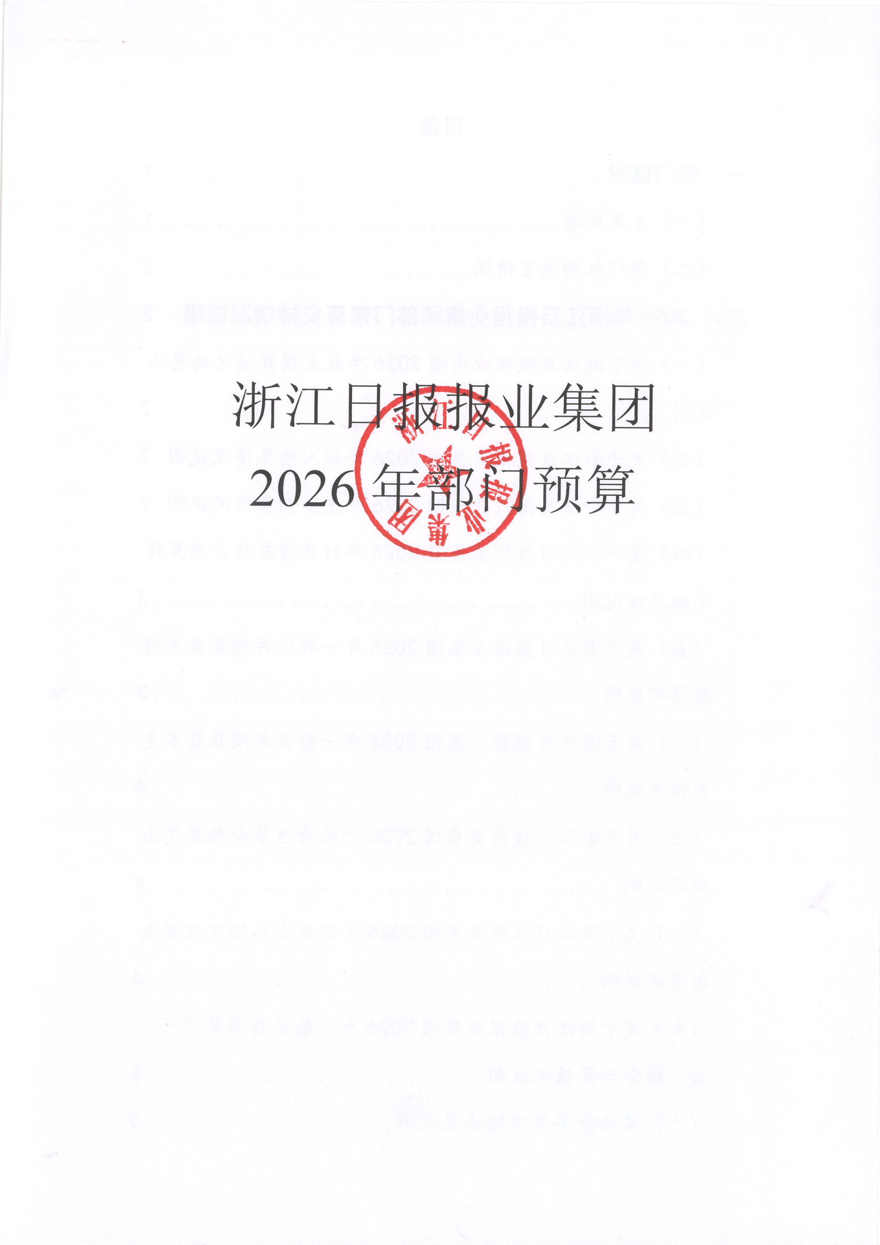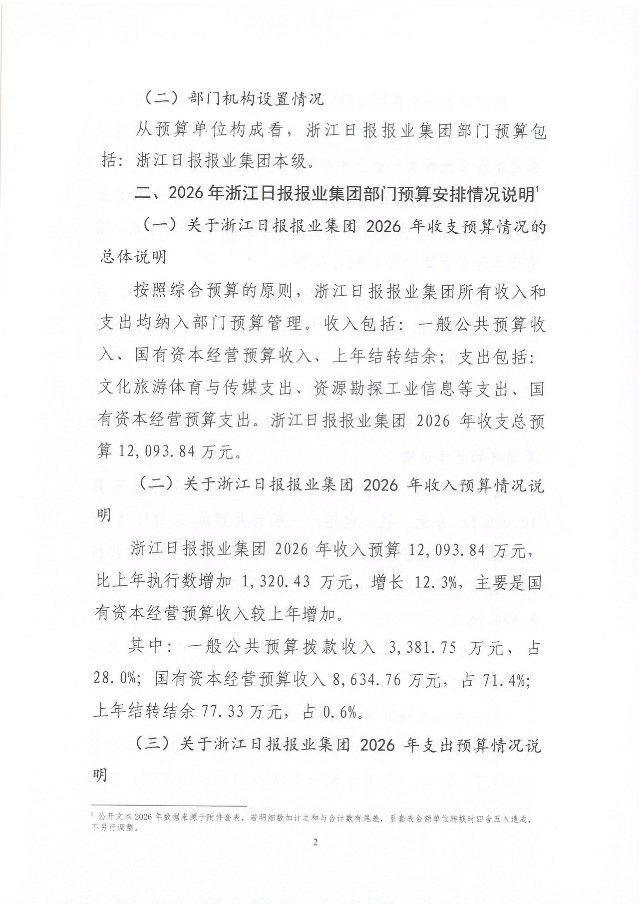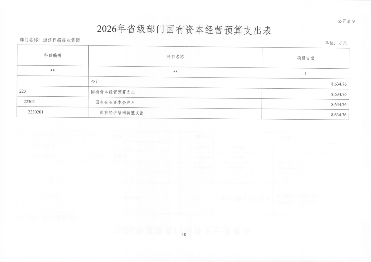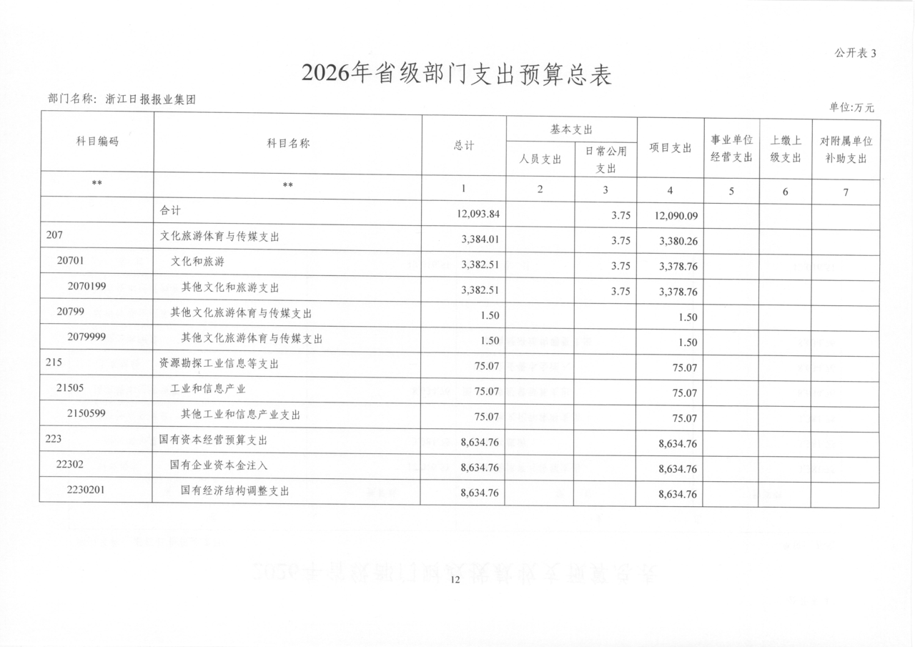 浙江日报报业集团2026年部门预算
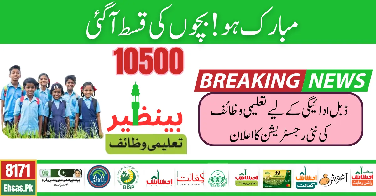 Benazir Taleemi Wazaif 10500: Benazir Income Support Program has started the Benazir Taleemi Wazaif 10500 double Qist, which you will begin to getting from the 15th of next month. Parents who are registered under the Benazir Kafalat Program are happy to know that their children’s Taleemi Wazaif has arrived, and they will be able to receive their Benazir Kafalat Program with the first quarterly installment.
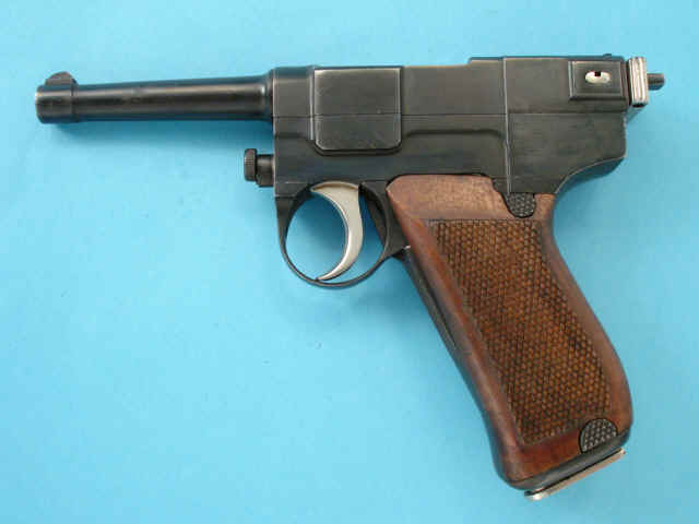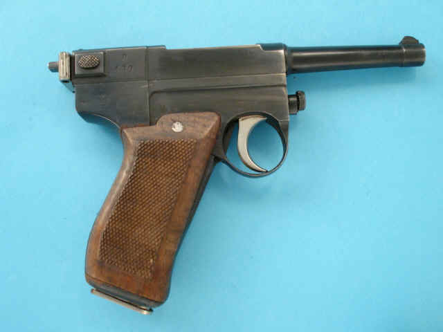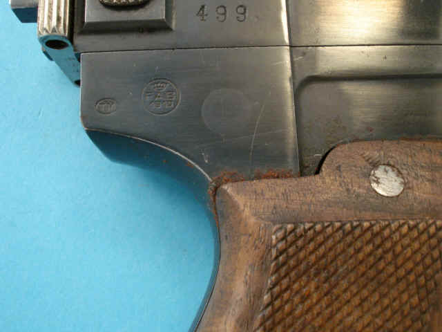 Serial no. 499, 9mm Glisenti caliber, 3 3/4-inch barrel. Blued finish. Checkered walnut
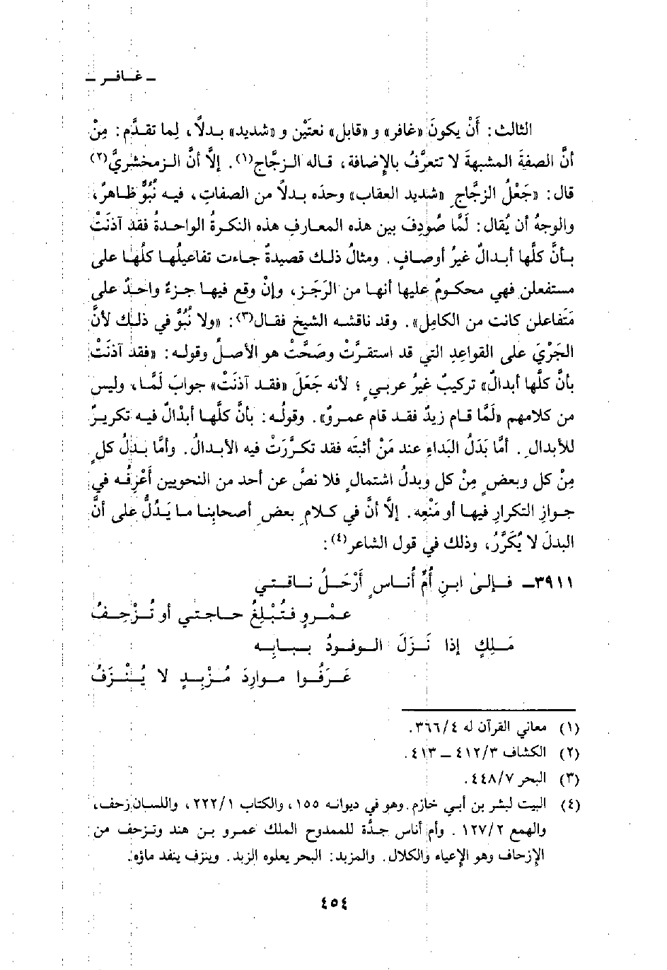 الثالث: أَنْ يكونَ «غافر» و «قابل» نعتَيْن و «شديد» بدلاً، لِما تقدَّم: مِنْ أنَّ الصفةَ المشبهةَ لا تتعرَّفُ بالإِضافة، قاله الزجَّاج. إلاَّ أنَّ الزمخشريَّ قال: «جَعْلُ الزجَّاجِ» شديد العقاب «وحدَه بدلاً من الصفاتِ، فيه نُبُوٌّ ظاهرٌ، والوجهُ أن يُقال: لَمَّا صُودِفَ بين هذه المعارفِ هذه النكرةُ الواحدةُ فقد آذنَتْ بأنَّ كلَّها أبدالٌ غيرُ أوصافٍ. ومثالُ ذلك قصيدةٌ جاءت تفاعيلُها كلُها على مستفعلن فهي محكومٌ عليها أنها من الرَجَز، وإنْ وقع فيها جزءٌ واحدٌ على مَتَفاعلن كانت من الكامِل» . وقد ناقشه الشيخ فقال: «ولا نُبُوَّ في ذلك لأنَّ الجَرْيَ على القواعِدِ التي قد استقرَّتْ وصَحَّتْ هو الأصلُ وقوله:» فقد آذنَتْ بأنَّ كلّها أبدالٌ «تركيبٌ غيرُ عربيٍ؛ لأنه جَعَل» فقد آذنَتْ «جوابَ لَمَّا، وليس من كلامهم» لَمَّا قام زيدٌ فقد قام عمروٌ «. وقولُه: بأنَّ كلَّها أبدْالٌ فيه تكريرٌ للأبدالِ. أمَّا بَدَلُ البَداءِ عند مَنْ أثبتَه فقد تكرَّرَتْ فيه الأبدالُ. وأمَّا بدلُ كلٍ مِنْ كل وبعضٍ مِنْ كل وبدلُ اشتمالٍ فلا نصَّ عن أحد من النحويين أَعْرِفُه في جوازِ التكرارِ فيها أو مَنْعِه. إلاَّ أنَّ في كلامِ بعضِ أصحابِنا ما يَدُلُّ على أنَّ البدلَ لا يُكَرَّرُ، وذلك في قول الشاعر:
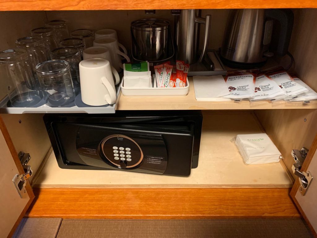 テレビの下には食器類や電気ケトル、コーヒーやお茶、セーフティボックスがあります
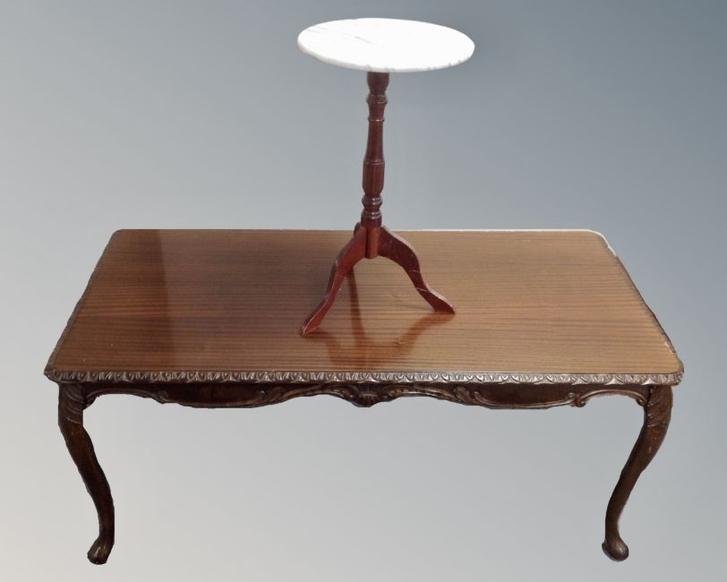 A carved coffee table on cabriole legs, width 120 cm and a marble topped tripod table
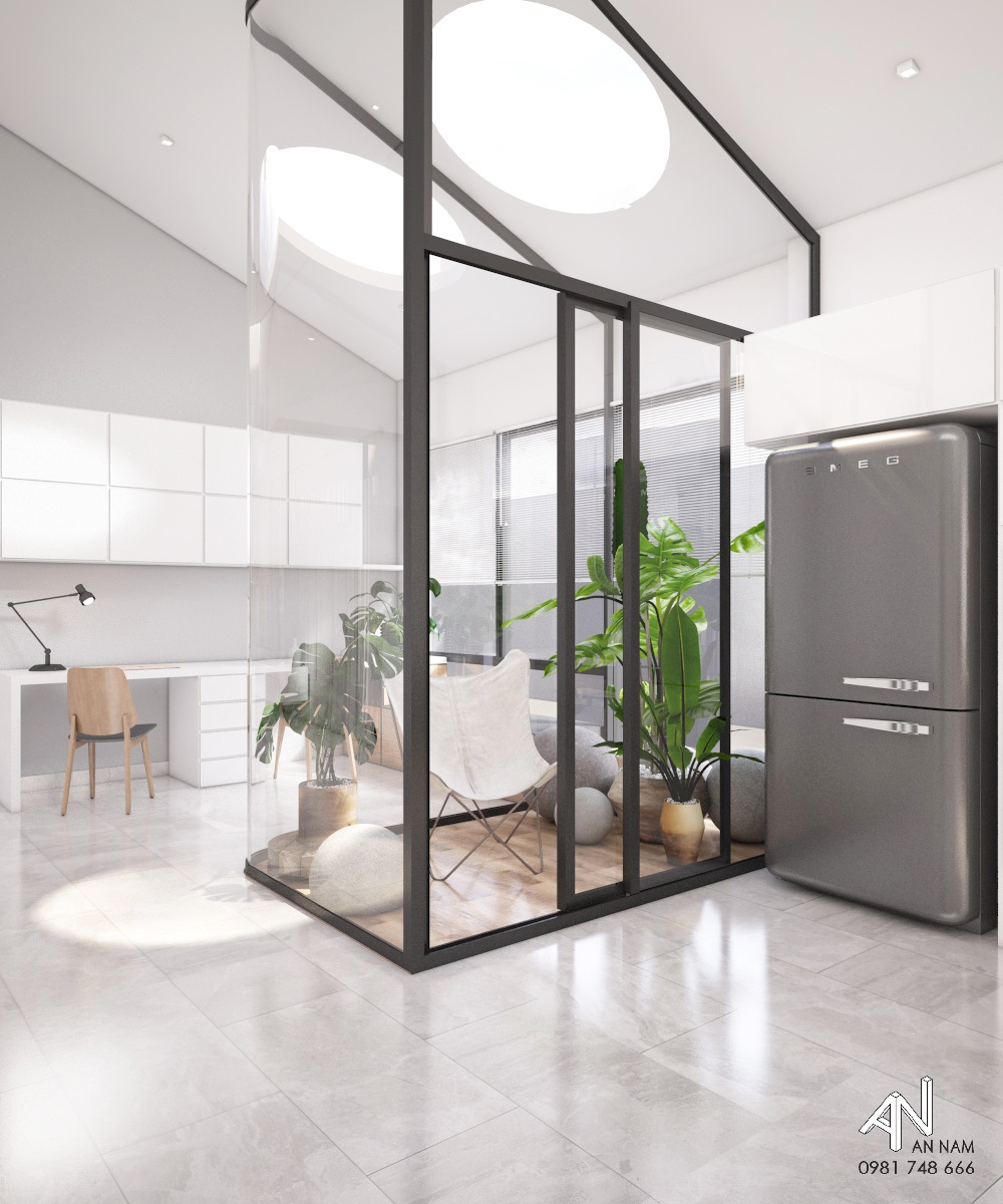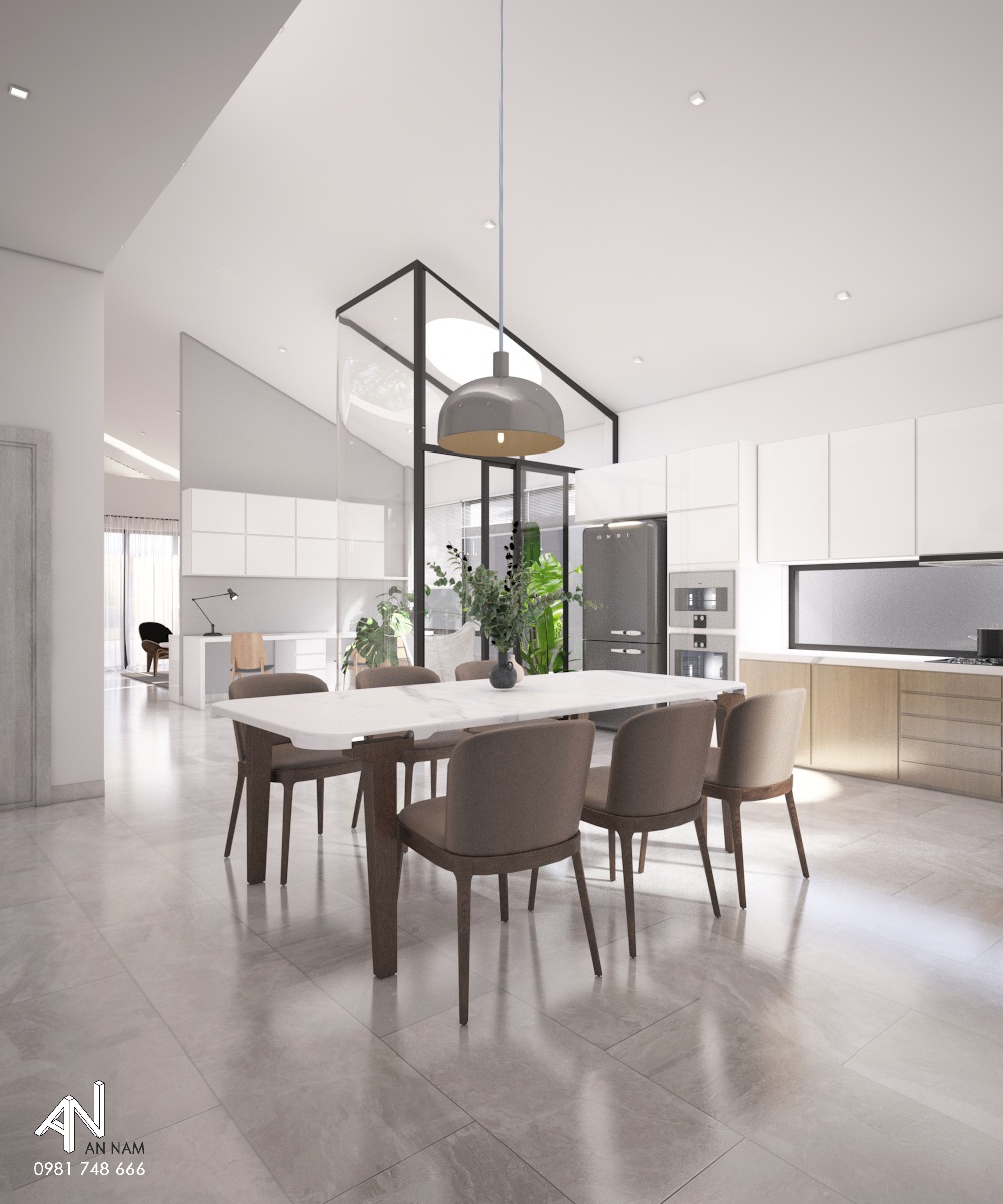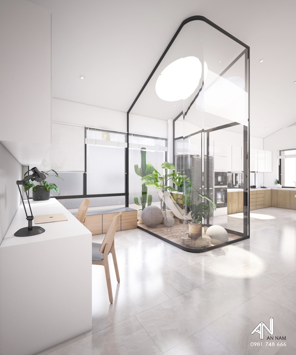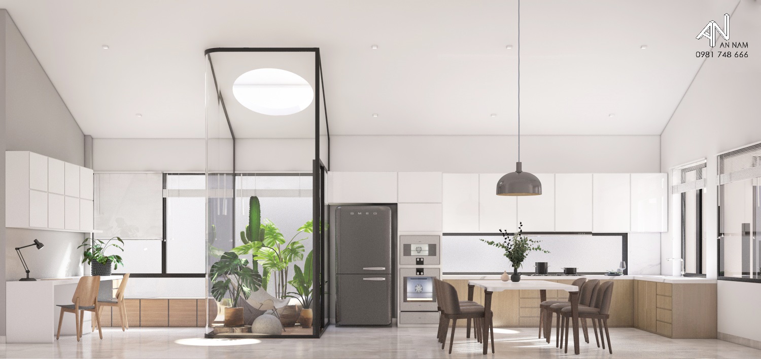 Lấy cảm hứng từ sự đơn giản, mộc mạc và phong cách tối giản, An Nam đề xuất phương án thiết kế một ngôi nhà mang những nét truyền thống của mái dốc và giếng trời, không gian kết nối giữa phòng khách và nhà bếp. |Việc kết hợp tổ hợp hình khối tối giản, khúc triết và tone màu trắng chủ đạo sẽ mang lại một căn nhà vừa đơn giản, vừa sang trọng cho chủ đầu tư.

**HOW TO COMPLETE THIS TASK:** The result should be the full listing, retyped exactly and free of pictures.

**WRITTEN ANSWER:**
 浙江日报报业集团2026年部门预算
 Benazir Taleemi Wazaif 10500: Benazir Income Support Program has started the Benazir Taleemi Wazaif 10500 double Qist, which you will begin to getting from the 15th of next month. Parents who are registered under the Benazir Kafalat Program are happy to know that their children’s Taleemi Wazaif has arrived, and they will be able to receive their Benazir Kafalat Program with the first quarterly installment.
 Serial no. 499, 9mm Glisenti caliber, 3 3/4-inch barrel. Blued finish. Checkered walnut
 الثالث: أَنْ يكونَ «غافر» و «قابل» نعتَيْن و «شديد» بدلاً، لِما تقدَّم: مِنْ أنَّ الصفةَ المشبهةَ لا تتعرَّفُ بالإِضافة، قاله الزجَّاج. إلاَّ أنَّ الزمخشريَّ قال: «جَعْلُ الزجَّاجِ» شديد العقاب «وحدَه بدلاً من الصفاتِ، فيه نُبُوٌّ ظاهرٌ، والوجهُ أن يُقال: لَمَّا صُودِفَ بين هذه المعارفِ هذه النكرةُ الواحدةُ فقد آذنَتْ بأنَّ كلَّها أبدالٌ غيرُ أوصافٍ. ومثالُ ذلك قصيدةٌ جاءت تفاعيلُها كلُها على مستفعلن فهي محكومٌ عليها أنها من الرَجَز، وإنْ وقع فيها جزءٌ واحدٌ على مَتَفاعلن كانت من الكامِل» . وقد ناقشه الشيخ فقال: «ولا نُبُوَّ في ذلك لأنَّ الجَرْيَ على القواعِدِ التي قد استقرَّتْ وصَحَّتْ هو الأصلُ وقوله:» فقد آذنَتْ بأنَّ كلّها أبدالٌ «تركيبٌ غيرُ عربيٍ؛ لأنه جَعَل» فقد آذنَتْ «جوابَ لَمَّا، وليس من كلامهم» لَمَّا قام زيدٌ فقد قام عمروٌ «. وقولُه: بأنَّ كلَّها أبدْالٌ فيه تكريرٌ للأبدالِ. أمَّا بَدَلُ البَداءِ عند مَنْ أثبتَه فقد تكرَّرَتْ فيه الأبدالُ. وأمَّا بدلُ كلٍ مِنْ كل وبعضٍ مِنْ كل وبدلُ اشتمالٍ فلا نصَّ عن أحد من النحويين أَعْرِفُه في جوازِ التكرارِ فيها أو مَنْعِه. إلاَّ أنَّ في كلامِ بعضِ أصحابِنا ما يَدُلُّ على أنَّ البدلَ لا يُكَرَّرُ، وذلك في قول الشاعر:
 テレビの下には食器類や電気ケトル、コーヒーやお茶、セーフティボックスがあります
 A carved coffee table on cabriole legs, width 120 cm and a marble topped tripod table
 Lấy cảm hứng từ sự đơn giản, mộc mạc và phong cách tối giản, An Nam đề xuất phương án thiết kế một ngôi nhà mang những nét truyền thống của mái dốc và giếng trời, không gian kết nối giữa phòng khách và nhà bếp. |Việc kết hợp tổ hợp hình khối tối giản, khúc triết và tone màu trắng chủ đạo sẽ mang lại một căn nhà vừa đơn giản, vừa sang trọng cho chủ đầu tư.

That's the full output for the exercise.